In that sense, the continuing mystery about the Ripper's identity obscures the fact that this is an unhealthy obsession. Why does this gruesome episode still fascinate? Novelist Robert Bloch, author of the book on which Hitchcock based Psycho, provided a clue when he urged his readers to "let the Ripper rip you into an awareness of the urges and forces most of us will neither admit nor submit to".

Bloch's exhortation suggests that the Ripper's crimes are transgressive, turning a brutal murderer into a glamorous outlaw figure. Even more disturbing is the implicit invitation to identify with him, as though the Ripper was simply honest enough to act on violent impulses that others deny. Journalist Charles McCabe of the San Francisco Chronicle went even further, saluting the Ripper as "that great hero of my youth, that skilled butcher who did all his work on alcoholic whores".

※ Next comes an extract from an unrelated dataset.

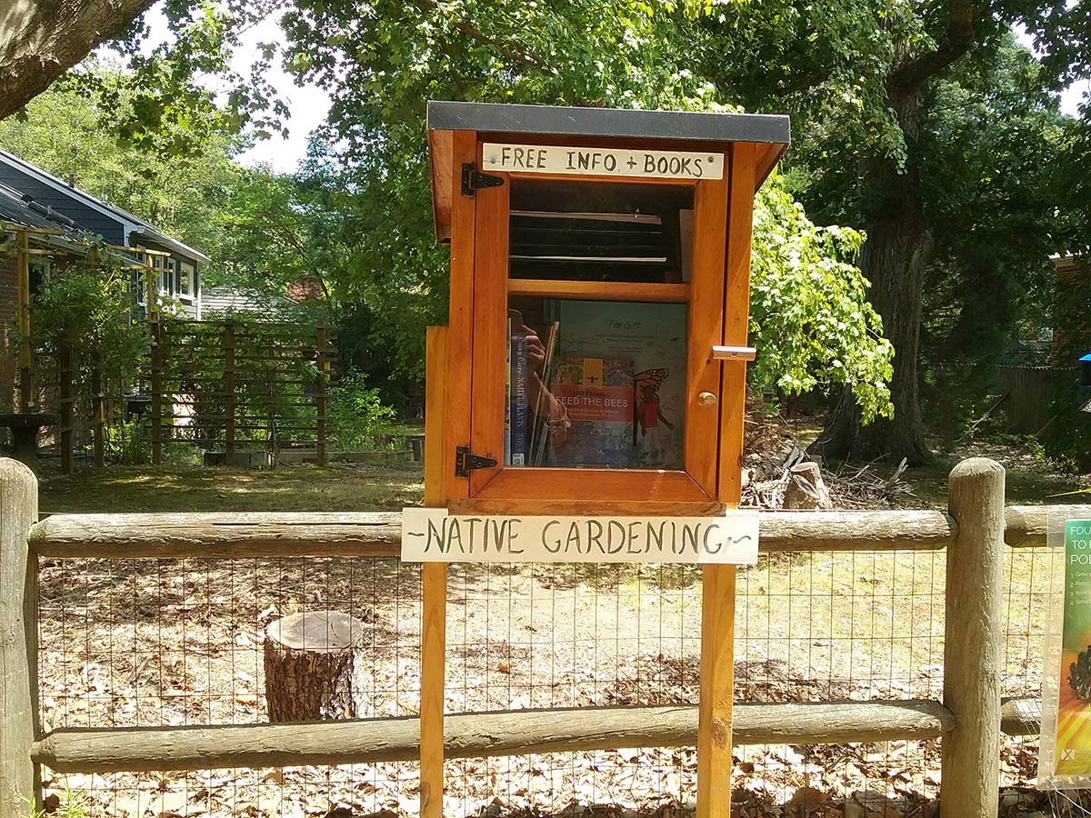 Passionate about educating and supporting their community they give scheduled tours of their garden, distribute native seedlings, and built a little library house that features free books and brochures on native gardening.

That the Whitechapel killer was understood in this way even in his own time is demonstrated by the Lulu plays of the fin-de-siècle German dramatist, Frank Wedekind. The plays - adapted into Pandora's Box, the 1928 movie by G. W. Pabst, and an opera by Alban Berg - are a morality tale in which the heroine, an adventuress whose voracious sexuality destroys a series of lovers, eventually succumbs to Jack's fatal embrace.

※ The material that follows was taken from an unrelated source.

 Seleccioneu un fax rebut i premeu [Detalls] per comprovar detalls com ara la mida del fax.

Wedekind's plays are about sexual anxiety, which was widespread at a time when gender roles were changing rapidly - the 1890s were the heyday of the "new woman" - and which continues to resonate in our own time.

This alternative explanation for the enduring popularity of the Whitechapel killer - that he feeds a mostly unacknowledged misogyny - is not comfortable to contemplate.

The makers of From Hell, the US release of which has ensured that "scream-filled multiplexes were prettily draped with the innards and viscera of Jack the Ripper's victims", in the words of one critic, would almost certainly argue that they are simply meeting an appetite for horror films.

But the fact that so many movies, documentaries and books continue to be produced a century after the Whitechapel killer terrorised women in London's East End, proves that this brutal murderer remains one of our most potent cultural icons.